◆ **Provided entries**:
Segment Open

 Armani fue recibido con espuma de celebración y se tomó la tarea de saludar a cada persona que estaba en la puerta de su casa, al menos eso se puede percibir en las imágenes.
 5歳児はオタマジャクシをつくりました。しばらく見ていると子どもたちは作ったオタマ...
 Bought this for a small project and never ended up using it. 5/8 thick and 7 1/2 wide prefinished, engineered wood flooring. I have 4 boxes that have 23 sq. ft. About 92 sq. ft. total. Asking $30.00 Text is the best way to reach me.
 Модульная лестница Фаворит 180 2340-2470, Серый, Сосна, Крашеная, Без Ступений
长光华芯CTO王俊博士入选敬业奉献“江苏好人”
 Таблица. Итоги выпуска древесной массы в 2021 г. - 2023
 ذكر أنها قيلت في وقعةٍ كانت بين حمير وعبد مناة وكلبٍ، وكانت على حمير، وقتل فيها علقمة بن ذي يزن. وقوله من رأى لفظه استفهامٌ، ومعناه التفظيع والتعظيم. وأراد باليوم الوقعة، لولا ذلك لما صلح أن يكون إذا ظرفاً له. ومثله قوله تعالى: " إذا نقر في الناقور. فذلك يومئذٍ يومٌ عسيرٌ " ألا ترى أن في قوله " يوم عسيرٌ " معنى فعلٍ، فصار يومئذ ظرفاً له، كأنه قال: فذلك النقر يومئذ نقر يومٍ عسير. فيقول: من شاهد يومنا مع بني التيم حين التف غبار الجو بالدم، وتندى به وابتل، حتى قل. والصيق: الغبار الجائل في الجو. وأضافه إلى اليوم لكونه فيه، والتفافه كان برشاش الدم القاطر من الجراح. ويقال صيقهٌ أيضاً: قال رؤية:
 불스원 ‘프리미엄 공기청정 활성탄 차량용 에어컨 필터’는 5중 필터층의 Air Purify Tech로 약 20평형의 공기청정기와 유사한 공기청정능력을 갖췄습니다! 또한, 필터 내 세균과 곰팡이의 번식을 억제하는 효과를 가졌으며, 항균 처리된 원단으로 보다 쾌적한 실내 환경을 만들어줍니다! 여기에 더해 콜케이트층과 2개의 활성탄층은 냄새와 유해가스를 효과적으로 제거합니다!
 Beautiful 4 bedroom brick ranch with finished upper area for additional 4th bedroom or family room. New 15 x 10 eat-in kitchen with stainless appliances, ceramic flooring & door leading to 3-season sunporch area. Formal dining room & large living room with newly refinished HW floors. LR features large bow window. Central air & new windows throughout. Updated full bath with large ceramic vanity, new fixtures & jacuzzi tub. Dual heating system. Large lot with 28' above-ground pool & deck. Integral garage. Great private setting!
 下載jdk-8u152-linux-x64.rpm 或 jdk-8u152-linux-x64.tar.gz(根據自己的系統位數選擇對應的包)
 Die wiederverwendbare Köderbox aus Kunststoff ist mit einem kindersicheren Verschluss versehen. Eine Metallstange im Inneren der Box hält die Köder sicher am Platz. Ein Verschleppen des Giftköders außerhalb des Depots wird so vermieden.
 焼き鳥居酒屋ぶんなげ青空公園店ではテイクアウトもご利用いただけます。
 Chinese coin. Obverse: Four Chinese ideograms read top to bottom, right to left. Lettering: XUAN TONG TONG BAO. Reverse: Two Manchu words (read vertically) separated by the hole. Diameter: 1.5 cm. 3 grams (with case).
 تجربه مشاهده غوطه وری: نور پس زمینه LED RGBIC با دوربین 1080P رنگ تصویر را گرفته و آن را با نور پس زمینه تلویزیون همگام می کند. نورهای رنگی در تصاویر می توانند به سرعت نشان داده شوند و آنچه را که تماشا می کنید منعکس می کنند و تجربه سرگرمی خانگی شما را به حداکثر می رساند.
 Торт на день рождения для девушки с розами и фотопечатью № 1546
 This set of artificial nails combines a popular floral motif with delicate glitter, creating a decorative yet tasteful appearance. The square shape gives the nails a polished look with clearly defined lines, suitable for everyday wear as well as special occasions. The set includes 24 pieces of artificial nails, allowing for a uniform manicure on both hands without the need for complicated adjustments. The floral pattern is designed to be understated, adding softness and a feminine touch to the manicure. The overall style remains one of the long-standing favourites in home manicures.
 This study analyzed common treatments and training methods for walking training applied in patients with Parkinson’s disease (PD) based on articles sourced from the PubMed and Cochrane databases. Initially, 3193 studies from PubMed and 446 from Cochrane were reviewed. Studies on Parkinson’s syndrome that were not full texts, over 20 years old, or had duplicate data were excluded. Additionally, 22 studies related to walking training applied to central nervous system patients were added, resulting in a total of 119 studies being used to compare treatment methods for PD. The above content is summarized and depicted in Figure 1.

Segment Closed

◆ **How to complete this task**: Would you quote everything above from the line containing "5歳児はオタマジャクシをつく" down to the line containing "焼き鳥居酒屋ぶんなげ青空公園店ではテイクアウトもご利用いただけます。"? Include both of those lines and nothing else.

◆ **Response for this exercise**:
 5歳児はオタマジャクシをつくりました。しばらく見ていると子どもたちは作ったオタマ...
 Bought this for a small project and never ended up using it. 5/8 thick and 7 1/2 wide prefinished, engineered wood flooring. I have 4 boxes that have 23 sq. ft. About 92 sq. ft. total. Asking $30.00 Text is the best way to reach me.
 Модульная лестница Фаворит 180 2340-2470, Серый, Сосна, Крашеная, Без Ступений
长光华芯CTO王俊博士入选敬业奉献“江苏好人”
 Таблица. Итоги выпуска древесной массы в 2021 г. - 2023
 ذكر أنها قيلت في وقعةٍ كانت بين حمير وعبد مناة وكلبٍ، وكانت على حمير، وقتل فيها علقمة بن ذي يزن. وقوله من رأى لفظه استفهامٌ، ومعناه التفظيع والتعظيم. وأراد باليوم الوقعة، لولا ذلك لما صلح أن يكون إذا ظرفاً له. ومثله قوله تعالى: " إذا نقر في الناقور. فذلك يومئذٍ يومٌ عسيرٌ " ألا ترى أن في قوله " يوم عسيرٌ " معنى فعلٍ، فصار يومئذ ظرفاً له، كأنه قال: فذلك النقر يومئذ نقر يومٍ عسير. فيقول: من شاهد يومنا مع بني التيم حين التف غبار الجو بالدم، وتندى به وابتل، حتى قل. والصيق: الغبار الجائل في الجو. وأضافه إلى اليوم لكونه فيه، والتفافه كان برشاش الدم القاطر من الجراح. ويقال صيقهٌ أيضاً: قال رؤية:
 불스원 ‘프리미엄 공기청정 활성탄 차량용 에어컨 필터’는 5중 필터층의 Air Purify Tech로 약 20평형의 공기청정기와 유사한 공기청정능력을 갖췄습니다! 또한, 필터 내 세균과 곰팡이의 번식을 억제하는 효과를 가졌으며, 항균 처리된 원단으로 보다 쾌적한 실내 환경을 만들어줍니다! 여기에 더해 콜케이트층과 2개의 활성탄층은 냄새와 유해가스를 효과적으로 제거합니다!
 Beautiful 4 bedroom brick ranch with finished upper area for additional 4th bedroom or family room. New 15 x 10 eat-in kitchen with stainless appliances, ceramic flooring & door leading to 3-season sunporch area. Formal dining room & large living room with newly refinished HW floors. LR features large bow window. Central air & new windows throughout. Updated full bath with large ceramic vanity, new fixtures & jacuzzi tub. Dual heating system. Large lot with 28' above-ground pool & deck. Integral garage. Great private setting!
 下載jdk-8u152-linux-x64.rpm 或 jdk-8u152-linux-x64.tar.gz(根據自己的系統位數選擇對應的包)
 Die wiederverwendbare Köderbox aus Kunststoff ist mit einem kindersicheren Verschluss versehen. Eine Metallstange im Inneren der Box hält die Köder sicher am Platz. Ein Verschleppen des Giftköders außerhalb des Depots wird so vermieden.
 焼き鳥居酒屋ぶんなげ青空公園店ではテイクアウトもご利用いただけます。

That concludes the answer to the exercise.